— Non, pas comme un piquet, déambuler normalement !
Pour ce premier jour, elle voulut m'apprendre à me maintenir correctement. L'échine raide, je devais arpenter le passage en regardant devant moi sans jamais baisser le nez. Je devais paraitre sure de moi en toute circonstances, car c'était en cela que se révélerait mon charme. Tout cette comédie était si malaisante pour moi. Le sang cognait contre mon crâne. Je n'avais pas pour habitude de revêtir des masques, faire semblant, mais je devais m'y accoutumer. La cour était, selon les dires d'Augustine : « un balai de simulacres et de tromperies. »
Je m'arrêtai une fois en face de son grand miroir ovale contigu à sa coiffeuse, puis pivotai vers elle. Elle était assise sur son sofa et s'éventait lassement.
— Bon, sans doute le fait de revêtir mes apparats, vous donnerait de la prestance.
Elle se leva puis se dirigea vers la salle voisine. L'air qu'elle déplaça dans ses mouvements répandit un parfum de rose.
— Orthense ? Venez ici, appela-t-elle.
Sa dame de compagnie entra et me détailla en arquant un sourcil. Je baissai le regard sur ma robe en laine couleur vert d'eau. Je devinai ce qu'elles allaient faire de moi et un nœud se forgea dans mon estomac.

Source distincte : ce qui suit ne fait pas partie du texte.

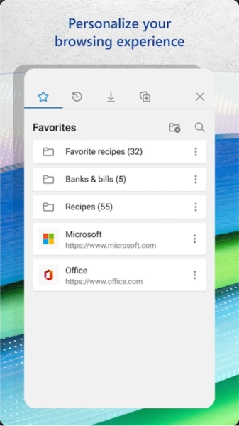 别再与高效浏览擦肩而过,马上体验Edge Beta版本。不管是工作资料的梳理、线上购物的便捷,还是安全隐私的守护,Edge Beta都是您的不二之选。畅享这款迅捷、安全又高效的浏览器所带来的出色体验,让您的手机浏览体验更进一竿!此刻就加入我们,开启您的高效网络旅程,让Edge Beta成为您日常生活中必不可少的贴心助手。让我们一同期待Edge Beta浏览器的不断优化,带来更多惊喜。无论何时何地,只要您有需求,Edge Beta都会一直陪伴在您身边,为您打造高品质的浏览体验。

Derrière un paravent, la dame retira mes habits. Elle me fit revêtir un jupon par-dessus ma chemise courte puis, elle ajusta un corset autour de ma poitrine et commença à nouer les lacets. Mes poumons s'enfoncèrent. Mon souffle se coupa.
— Assez ! Je ne pourrais pas respirer ! geignis-je.
— Allons madame, j'ai à peine commencé à serrer.
Je plissai douloureusement les paupières. Je n'avais pas commencé ma mission que j'allais déjà mourir d'hypoxie. Comment allais-je réussir à passer la soirée avec cet engin de torture ? Comment faisaient toutes ces femmes ?! L'habitude, sans aucun doute. Je comprenais désormais pourquoi la mode exigeait que l'on se poudre le visage : pour masquer le teint écarlate causé par l'étouffement !
Elle noua un panier à ma taille, puis me fit enfiler la robe. Elle resserra les liens dans mon dos. Je grimaçai. Elle ficela un fichu autour de ma poitrine puis mes bras enfilèrent un justaucorps qu'elle agrafa à mon buste. De la soie rose de mes manches, s'évasait de la dentelle finement brodée.
Elle m'indiqua ensuite de venir m'assoir sur le tabouret près de la coiffeuse. Je me déplaçai avec l'impression de ressembler à une baleine ankylosée. Elle libéra mes cheveux blonds de toutes les barrettes que j'y avais fixées, et s'attela à concevoir une coiffure simple mais sophistiquée. Je contemplai mon reflet et ne pus empêcher mes lèvres de former un sourire.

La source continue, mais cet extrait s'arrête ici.